Each of the four circular buffer radii was described according to: percent cover of pasture, urban, and crops; mean and standard deviation of solar radiation; aspect; slope (McCune and Keon 2002); and number and density of apiaries, rivers and trails. In order to estimate direct incident solar radiation based on slope and aspect, radians were used. These variables were placed in a matrix with the other landscape variables. The transformation to radians was necessary because 1° is adjacent to 360°. As in this example, the numbers may be very different even though the aspect would be practically identical (McCune and Keon 2002). Multi-Response Permutation Procedure (MRPP) was used to examine the differences between DCAs and non- DCAs in terms of the mentioned landscape characteristics across the four groups or buffer radius distances (100, 200, 400 and 800 m) (Supplementary Figure). MRPP is a nonparametric procedure for testing the hypothesis of no difference between two or more groups of entities (McCune and Mefford 1999). It is a practical technique, as it does not require assumptions such as normality and equal variance (Biondini et al. 1988). The within-group chance-corrected agreement (A-value) has a maximum of 1 when there is within-group homogeneity compared to the random expectation. The P-value is the probability of obtaining, by chance, a value of A equal to or larger than the observed value. In PC-ORD 5.0 (McCune and Mefford 1999), the MRPP tests were run using Euclidean distances, which measure differences using the Pythagorean theorem to N dimensions; it is the most conservative measure of distance (McCune et al. 2002).

Supplemental Table.

Variables used in the MRPP and the Partition Analysis to examine landscape effects on the location of Drone Congregation Areas. Value, Class name, Unity of measure and range are shown.
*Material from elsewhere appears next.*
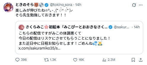 さくらみこさんはときのそらさんとのコラボ配信で、開始時間を過ぎてから30分の時間変更をした上で、変更後の時間を過ぎてリスケを発表したことが批判さてていました。ときのそらさんはさくらみこさんに寛大なポストを残しており、神対応!と株が上がっています。
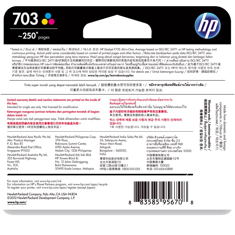 惠普(HP)CD888AA 703号彩色墨盒(适用DJ F735 D730 K109a/gK209a/gPhotosmartK510a)

Fourteen landscape categories were analyzed (C1 to C14), solar radiation (SR-), aspect (ASP-), slope (SLO-), and density of tracks (Track-). Abbreviations are as follows: Pres-Abs = presence (DCA)-absence (NoDCA) of DCA; Dist = radii of distance buffers; SR-M = Solar Radiation -Mean SR-STD = Solar Radiation -Standard Deviation; ASP-M = Aspect -Mean; ASP-F = Folded Aspect; ASP-R = Aspect in Radians; SLO-M = Slope -Mean; SLO-R = Slope in Radians; Tracks-M = Density of tracks and trails- Mean; Tracks-STD = Density of tracks and trails- Standard Deviation.

sd01_01.jpg

Recursive Partitioning Analysis (De'ath and Fabricius 2000) was used in JMP™ version 8 to discriminate the most correlated landscape characteristics of a site with the formation of a DCA. This analysis uses a classification tree to explain a single response variable that can be categorical or numeric, to create splits that result in more homogeneous groups (De'ath and Fabricius 2000; Quinn and Keogh 2002). The model divides a dataset by selecting the single variable that accounts for the most variability between two groups (DCA and non-DCA), and makes a split in the dataset using that particular variable. This process is then repeated on each of the two groups, resulting from the previous split, with each variable being assessed at every split whether the variable was previously used or not (Rejwan et al. 1999). This analysis is an exploratory approach that creates a regression tree according to significance among the variables. The groups are continually split into more homogeneous groups, theoretically, until only a single location remains as a group, or until there is no variation between locations in a group (Clark and Pregibon 1992). Conservatively, the recursive partitioning is carried out for three levels, or until there are only five or fewer individuals in one of the split groups (see also Giray et al. 2010). Two buffer radii (200 and 400 m) determined the most important landscape variables for classifying a DCA (Figure 2). In addition, homogeneity of multiple circular variances of aspect was tested using a Bartlett's Chi-square test (Zar 1999).

Results

The MRPP analysis revealed differences in landscape characteristics among the different buffer radius distances (A = 0.02, P = 0.005, n = 4), and a trend in both presence/absence of a DCA (A = 0.008, P = 0.06, n = 2). However, these analyses do not identify which landscape characteristics are important for the DCA formation. To identify landscape characteristics important for DCA presence, a Recursive Partitioning Analysis (RPA) was performed.

In buffer areas with radii of 200 m (R2 = 0.53) and 400 m (R2 = 0.56), aspect or orientation of the terrain, percent urban cover, and density of trails explained the presence of DCAs (Figure 2). The tests showed that the probability that locations with a combination of aspect and urban cover in the 200 m radius contain a DCA is 71 %. If any other variable was added to the model, this probability fell drastically. Similarly, at 400 m, the most important variables were trails, urban cover, and aspect. The combination of all three predicted 80% of the locations containing a DCA. This probability fell when a different characteristic was considered. For instance, it fell to 33% when secondary forest cover was added. Densities of linear marks such as trails are very low in the DCA locations, indicating that perhaps one or a few trails crossed the area with a DCA (Figure 2). In contrast, the RPA found that at 100 m (R2 = 0.34) and 800 m (R2 = 0.29), distinguishing the areas where DCAs were present or absent was not possible; this means that a strong correlation among the landscape variables and presence-absence of DCAs was not found in these zones (see Discussion).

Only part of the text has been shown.